With a DACA Repeal in the Balance, What Will California Be Doing?

It seems that California has been preparing for the Trump Administration’s repeal of DACA for months. When Governor Jerry Brown appointed Congressman Xavier Becerra as the new attorney general, the congressman made it clear that he would represent the state in court in an effort to support and protect California’s recipients of DACA. Both he and the governor have expressed their willingness to fight this battle publicly and in the courts. Attorney General Becerra has indicated in recent days in interviews that he is “prepared to use every tool at our disposal and look at every option available to us to try to protect people who built California. We are prepared to defend the DACA program in court.” However, the path to defending the program is likely to be challenging. The state’s legal authority could be limited in an effort to affect national immigration policy. But California will no doubt be joined by attorneys general in many other states, including New York.

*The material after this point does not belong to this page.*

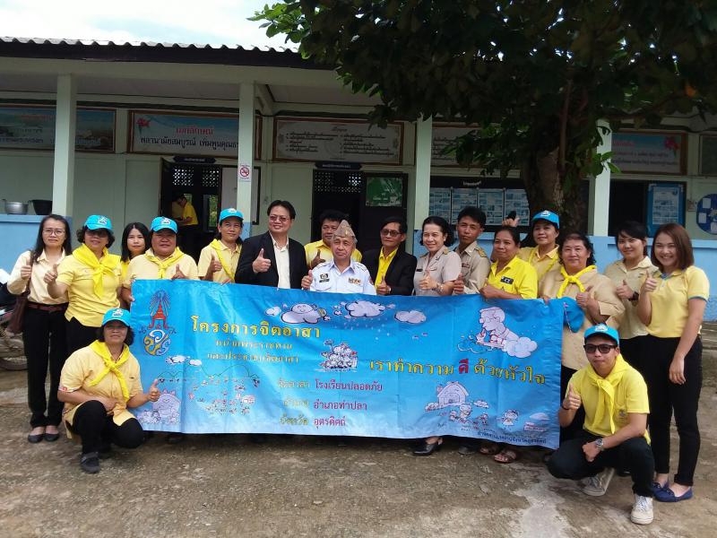 วันจันทร์ที่ 23 กรกฎาคม 2561 เวลา 14.30 น. นางสาวปาริชาติ สวนใจ แรงงานจังหวัดอุตรดิตถ์ พร้อมด้วยเจ้าหน้าที่และอาสาสมัครแรงงานระดับตำบลอำเภอท่าปลา ร่วมกิจกรรมโครงการจิตอาสา "เราทำความ ดี ด้วยหัวใจ" ณ โรงเรียนนิคมสร้างตนเองลำน้ำน่านสงเคราะห์ 1 ตำบลหาดล้า อำเภอท่าปลา โดยมีนายสมบูรณ์ ด่านรัชตกุล นายอำเภอท่าปลา ร่วมชี้แจงให้คำแนะนำเกี่ยวกับภารกิจบทบาทหน้าที่ของอาสาสมัครแรงงานระดับตำบล พร้อมถ่ายภาพร่วมกับโครงการจิตอาสาฯ
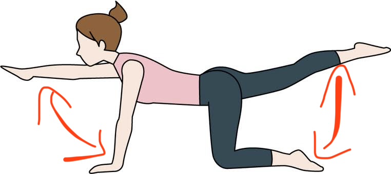 →四つん這いで対角の手と足を床と平行になるまでゆっくり伸ばします

In a different but complementary action, Becerra sued the Justice Department in August of 2017 over the Trump Administration’s plan to cut off millions of dollars in federal funding to so-called sanctuary cities unless they began to cooperate with federal immigration agents. California’s suit argues that the threat made by U.S. Attorney General Jeff Sessions undermines public safety and violates the Constitution. Sessions has bluntly stated that “if local governments wanted the Justice Department’s money, they had to agree to allow federal immigration agents to interview immigrants at their jails and to give federal authorities 48 hours’ notice before releasing anyone with potential immigration violations.” Sessions accuses officials in sanctuary cities of protecting dangerous criminals from immigration authorities. To counterargue Sessions’s point, officials in sanctuary cities have stated that their communities are safer when immigrants trust local authorities to report crimes and serve as witnesses without fear of deportation.

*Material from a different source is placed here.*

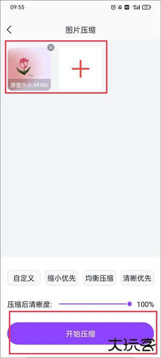2、在你的相册中找到你想要压缩的图片,还可以批量压缩,然后点击下方的选项并开始压缩,压缩好了之后就可以保存到本地相册中去了。

According to the Justice Department, its immigrant policy is to focus on illegal immigrants who have a criminal record or a history of violence. Where the DACA students fall into this priority list is not known yet. The California legislature’s efforts on issues such as creating sanctuary state status for California are still moving through the legislature. Governor Brown, while expressing some concerns about the bill, has been talking with the author of the bill SB 54, Senate President Pro Tem Kevin De Leon. In October, SB 54 could be signed into law, which could make it much harder for DACA recipients to be deported. Additionally, there seems to be a strong push by California’s institutions of higher education to keep the door open to DACA students. “Our doors will be wide open for all eligible undocumented students. They are welcome and wanted,” stated Long Beach State University President Jane Close Conoley. It is estimated that 72,300 undocumented students are enrolled at the UC, CSU, and community college systems.

Summary

Now that the Trump Administration has moved to eliminate the DACA program, it is not time to assume the worst. There is significant support for the DACA recipients, including from some of the largest businesses in the nation, such as Apple and Google. Additionally, two Republican California Congressional representatives, Jeff Denham (R-Modesto) and David Valadeo (R- Hanford), have actively supported the DACA program. The National Republican Congressional Campaign Committee is well aware that the DACA issue could cause significant losses for Republicans in the House in 2018. While the reauthorizing of the DACA program will be difficult and could get leveraged over a series of other issues, there is a strong chance that the program will be maintained. We will keep everyone informed as this process plays itself out.

Jeff Frost is CATESOL’s legislative advocate.